§ Directions for this task
Make an exact copy, from the records below, of the lines from the line containing "Fuente Formula V" to the line containing "sv, //// Har", both lines included, excluding pictures.

§ Dataset records
= Beginning of Section =

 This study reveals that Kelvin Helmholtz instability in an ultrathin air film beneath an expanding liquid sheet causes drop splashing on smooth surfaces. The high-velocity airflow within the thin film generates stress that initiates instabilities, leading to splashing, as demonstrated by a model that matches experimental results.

= End of Section =
= Beginning of Section =

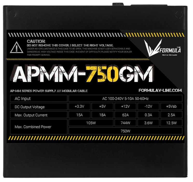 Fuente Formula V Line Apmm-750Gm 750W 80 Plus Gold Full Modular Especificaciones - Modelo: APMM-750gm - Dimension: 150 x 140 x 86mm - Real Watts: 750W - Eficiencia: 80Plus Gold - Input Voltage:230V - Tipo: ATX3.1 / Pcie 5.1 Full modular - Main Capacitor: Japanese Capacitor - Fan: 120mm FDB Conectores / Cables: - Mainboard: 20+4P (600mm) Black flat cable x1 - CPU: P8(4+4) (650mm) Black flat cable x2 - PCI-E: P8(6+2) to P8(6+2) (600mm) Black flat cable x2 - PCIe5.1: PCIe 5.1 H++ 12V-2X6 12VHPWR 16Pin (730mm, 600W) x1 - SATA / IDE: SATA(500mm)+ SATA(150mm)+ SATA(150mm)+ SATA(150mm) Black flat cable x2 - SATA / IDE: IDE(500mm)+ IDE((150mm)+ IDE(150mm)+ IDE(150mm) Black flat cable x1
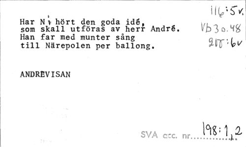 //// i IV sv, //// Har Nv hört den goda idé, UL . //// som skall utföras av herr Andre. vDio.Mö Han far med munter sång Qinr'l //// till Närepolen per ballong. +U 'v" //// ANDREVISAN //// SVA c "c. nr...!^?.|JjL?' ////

= End of Section =
= Beginning of Section =

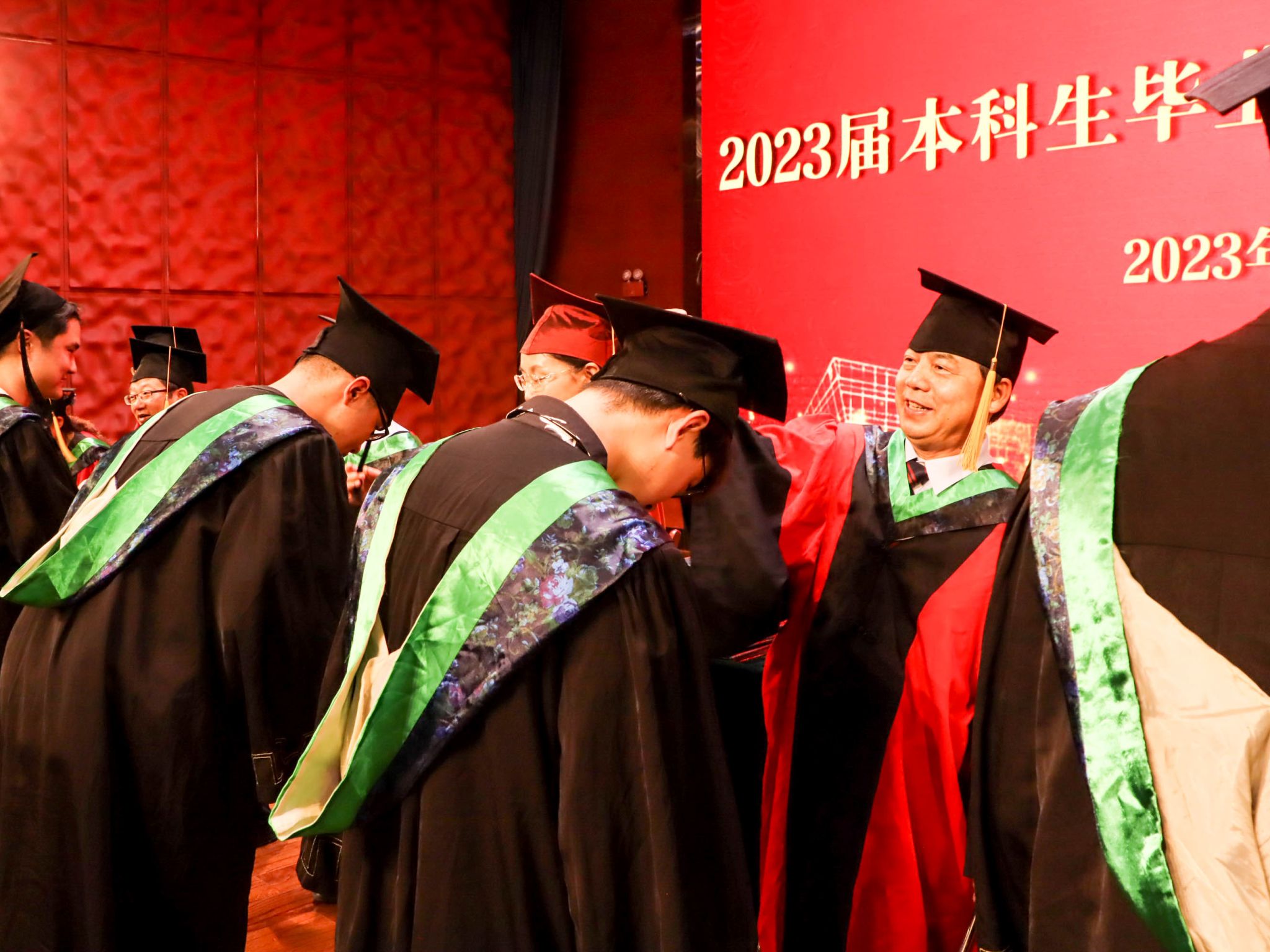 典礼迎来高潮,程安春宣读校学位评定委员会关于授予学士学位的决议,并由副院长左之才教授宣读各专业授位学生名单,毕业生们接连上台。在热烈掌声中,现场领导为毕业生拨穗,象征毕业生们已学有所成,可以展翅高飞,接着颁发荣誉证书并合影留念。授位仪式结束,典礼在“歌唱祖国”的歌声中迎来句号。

= End of Section =

§ Answer for the task
 Fuente Formula V Line Apmm-750Gm 750W 80 Plus Gold Full Modular Especificaciones - Modelo: APMM-750gm - Dimension: 150 x 140 x 86mm - Real Watts: 750W - Eficiencia: 80Plus Gold - Input Voltage:230V - Tipo: ATX3.1 / Pcie 5.1 Full modular - Main Capacitor: Japanese Capacitor - Fan: 120mm FDB Conectores / Cables: - Mainboard: 20+4P (600mm) Black flat cable x1 - CPU: P8(4+4) (650mm) Black flat cable x2 - PCI-E: P8(6+2) to P8(6+2) (600mm) Black flat cable x2 - PCIe5.1: PCIe 5.1 H++ 12V-2X6 12VHPWR 16Pin (730mm, 600W) x1 - SATA / IDE: SATA(500mm)+ SATA(150mm)+ SATA(150mm)+ SATA(150mm) Black flat cable x2 - SATA / IDE: IDE(500mm)+ IDE((150mm)+ IDE(150mm)+ IDE(150mm) Black flat cable x1
 //// i IV sv, //// Har Nv hört den goda idé, UL . //// som skall utföras av herr Andre. vDio.Mö Han far med munter sång Qinr'l //// till Närepolen per ballong. +U 'v" //// ANDREVISAN //// SVA c "c. nr...!^?.|JjL?' ////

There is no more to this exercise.